All’inizio dell’anno pastorale, fissato convenzionalmente per l’8 settembre, l’Arcivescovo traccia le linee fondamentali dell’azione delle comunità cristiane della diocesi.
Quest’anno il testo – pubblicato già all’inizio dell’estate – riprende le tre parole non italiane che utilizziamo spesso nella liturgia. Infatti noi professiamo la fede nel Signore risorto e lo invochiamo Kyrie. Gioiamo della sua vittoria sulla morte e sciogliamo il canto gioioso dell’Alleluia. E la nostra fede si fa vissuto quotidiano nell’adesione dell’Amen: crediamo in Gesù vivo e le nostre scelte si ispirano a Lui, al suo stile di vita e alla sua Parola.
L’Arcivescovo però indica come realizzazione piena di questo programma la riscoperta della
preghiera. Infatti il sottotitolo della sua proposta afferma: Pregare per vivere, nella Chiesa come
discepoli di Gesù. Si può perciò parafrasare un noto proverbio, senza paura di apparire irriverenti: non si vive per pregare, ma si prega per vivere.
Ricordando così che non c’è vita vera se non si apre all’incontro con Dio; alla considerazione con
Colui che è stato definito Totalmente Altro, ma che in Gesù è divenuto fratello, amico, compagno del cammino.

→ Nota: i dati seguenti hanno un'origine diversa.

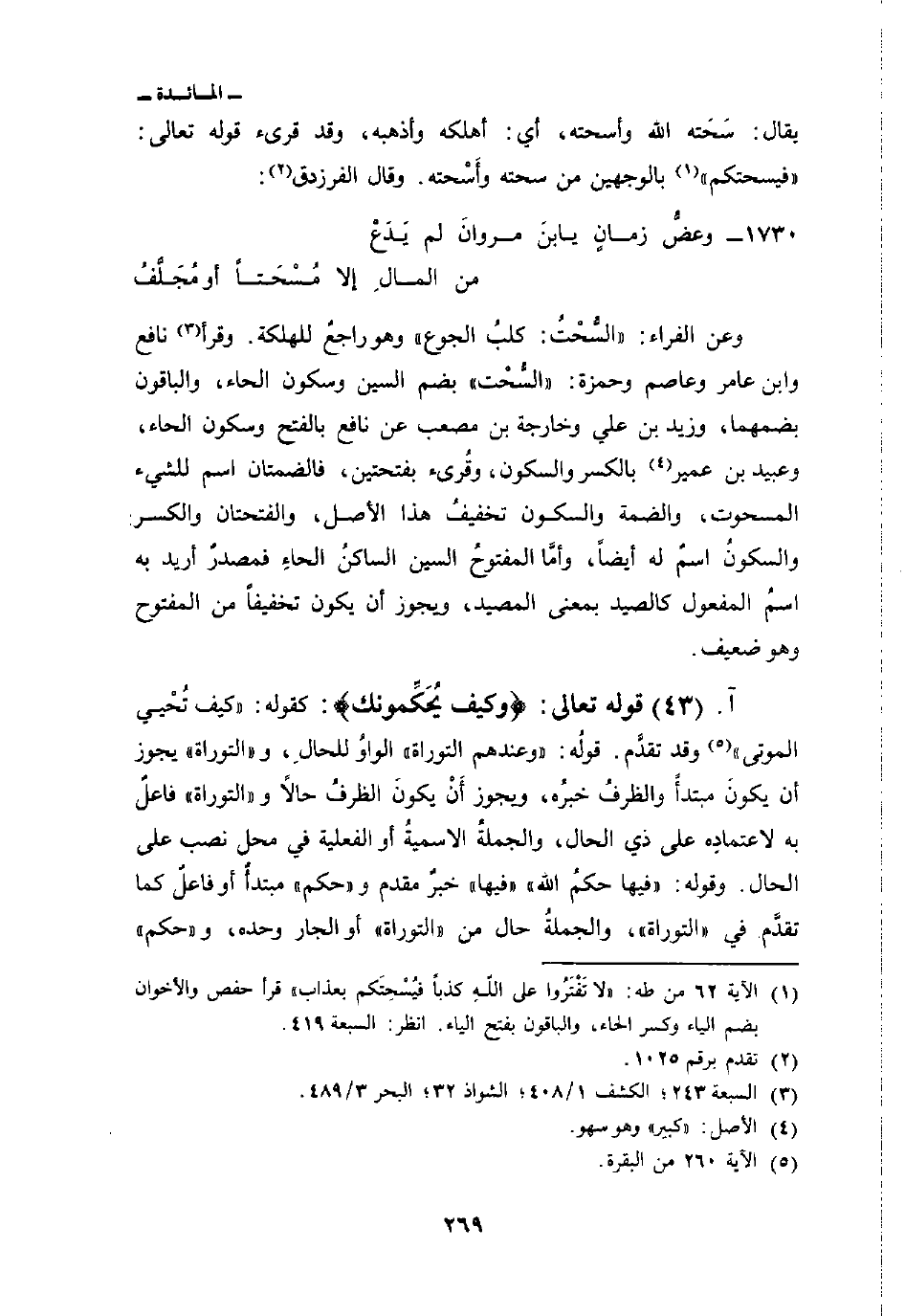 وعن الفراء: «السُّحْتُ: كلبُ الجوع» وهو راجعٌ للهلكة. وقرأ نافع وابن عامر وعاصم وحمزة: «السُّحْت» بضم السين وسكون الحاء، والباقون بضمهما، وزيد بن علي وخارجة بن مصعب عن نافع بالفتح وسكون الحاء، وعبيد بن عمير بالكسر والسكون وقُرئ بفتحتين، فالضمتان اسم للشيء المسحوت، والضمة والسكون تخفيفُ هذا الأصل، والفتحتان والكسر والسكونُ اسمٌ له أيضاً، وأمَّا المفتوحُ السين الساكنُ الحاءِ فمصدرٌ أريد به اسمُ المفعول كالصيد بمعنى المصيد، ويجوز أن يكون تخفيفاً من المفتوح وهو ضعيف.
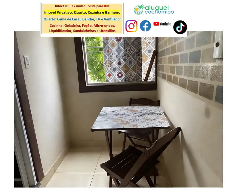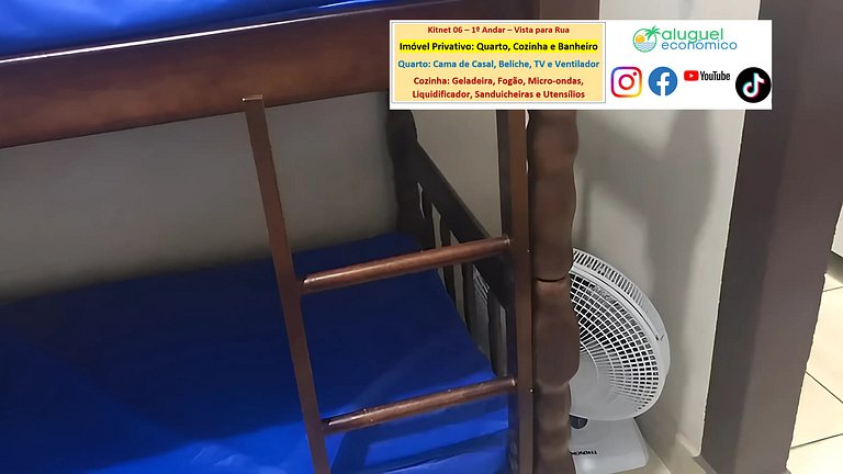 Kitnet privado con dormitorio, cocina y baño. En el dormitorio hay una cama doble, una litera, un televisor y un ventilador. Cocina con refrigerador, estufa, microondas, sandwichera, licuadora, utensilios de cocina. Baño con ducha y ducha eléctrica. Hay Wi-Fi. El edificio está detrás de la comisaría, por lo que es un lugar seguro para dejar tu vehículo en la calle. La vivienda se encuentra en una primera planta, debiendo subir escaleras. Ventana que da a la calle. Canastilla no incluida.

C’è ancora molta gente che prega, che sa pregare, disposta a imparare a pregare. Altri purtroppo non hanno ricevuto questa educazione e, pur ricchi di sensibilità umana, non hanno questa apertura. Che la Chiesa insista a far pregare non è un atto dovuto, ma un’opera di promozione umana. Come diceva san Giovanni Crisostomo: “Chi prega ha le mani sul timone della storia”.